Task goal: The whole listing needs retyping exactly; keep the pictures out of it.
[[ Data provided, beginning ]]
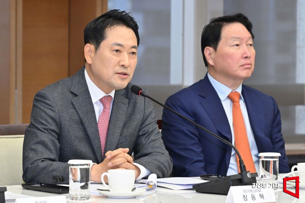 장동혁 국민의힘 대표가 19일 서울 중구 대한상의에서 열린 정책 간담회에서 모두발언 하고 있다.
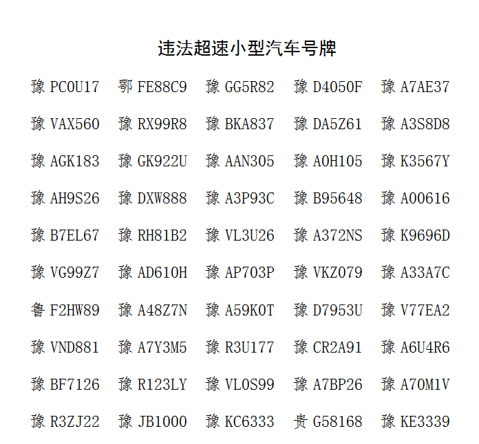 “十次事故九次快”,超速行驶是安全行车的最大安全隐患,为预防交通事故,许昌市公安局交通管理支队第二高速公路执勤大队集中曝光一批违法超速车辆,希望广大驾驶员朋友们进一步提高交通安全意识,自觉做到守法出行,安全出行!
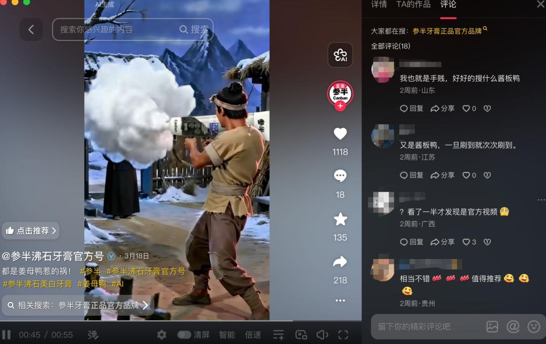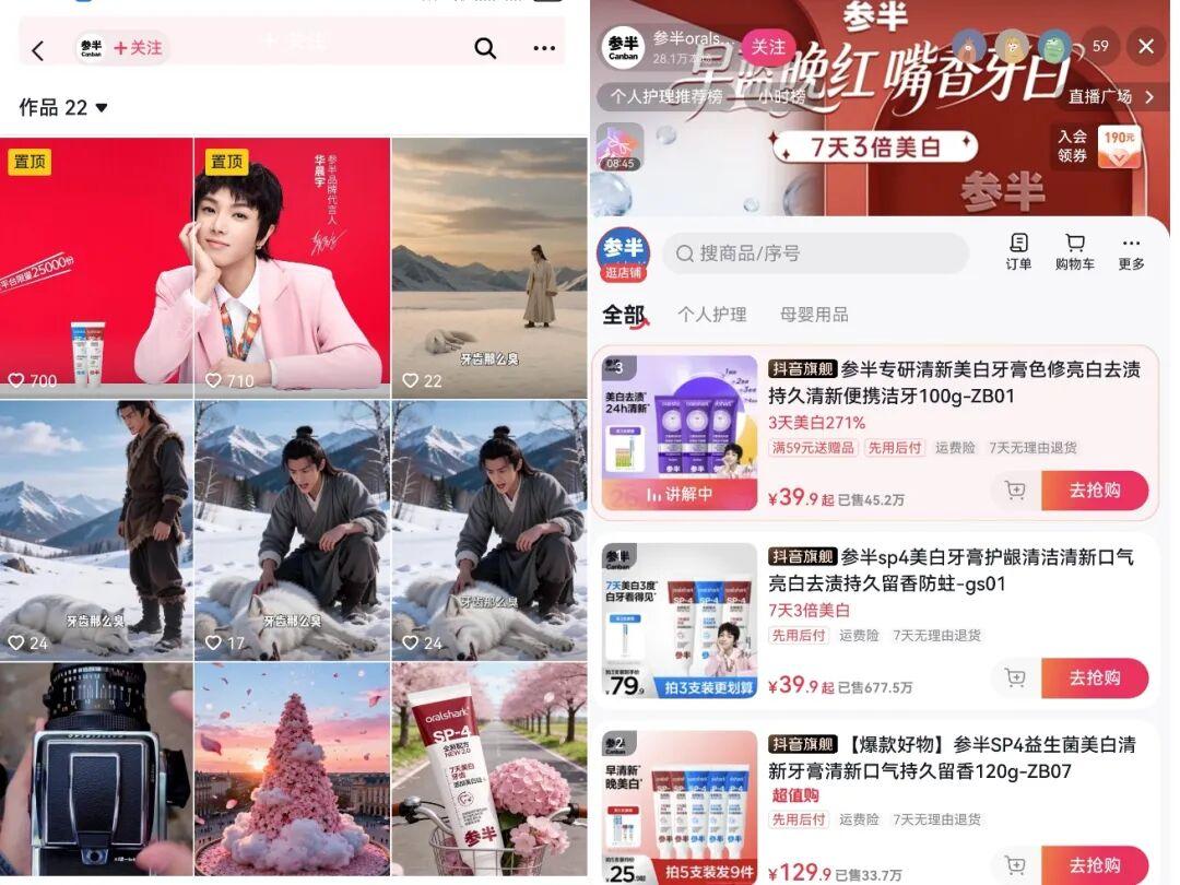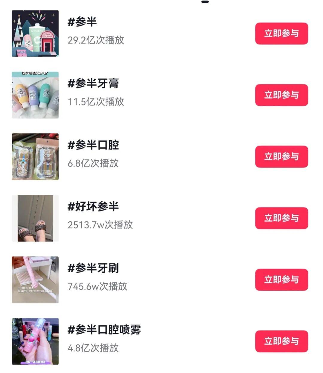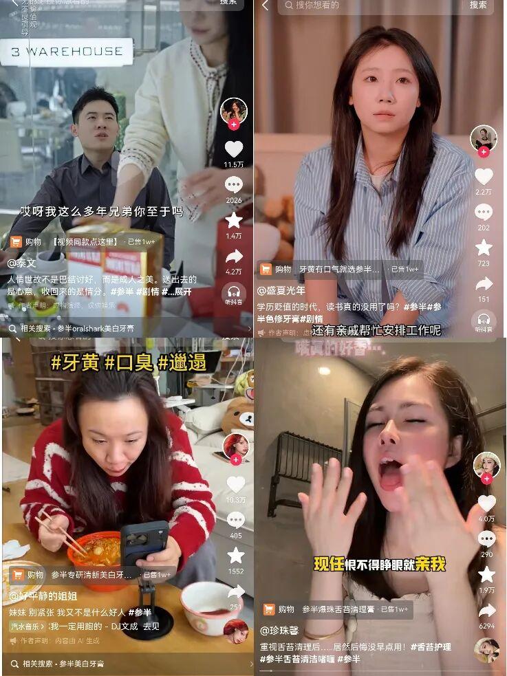 一方面是做大聲量、強勢破圈。抖音平臺數據顯示,# 參半 話題播放量高達 29.2 億次,# 參半牙膏 11.5 億次,# 參半口腔 6.8 億次,憑藉海量內容實現強曝光覆蓋。
[[ Data provided, end ]]
Exercise response:
 장동혁 국민의힘 대표가 19일 서울 중구 대한상의에서 열린 정책 간담회에서 모두발언 하고 있다.
 “十次事故九次快”,超速行驶是安全行车的最大安全隐患,为预防交通事故,许昌市公安局交通管理支队第二高速公路执勤大队集中曝光一批违法超速车辆,希望广大驾驶员朋友们进一步提高交通安全意识,自觉做到守法出行,安全出行!
 一方面是做大聲量、強勢破圈。抖音平臺數據顯示,# 參半 話題播放量高達 29.2 億次,# 參半牙膏 11.5 億次,# 參半口腔 6.8 億次,憑藉海量內容實現強曝光覆蓋。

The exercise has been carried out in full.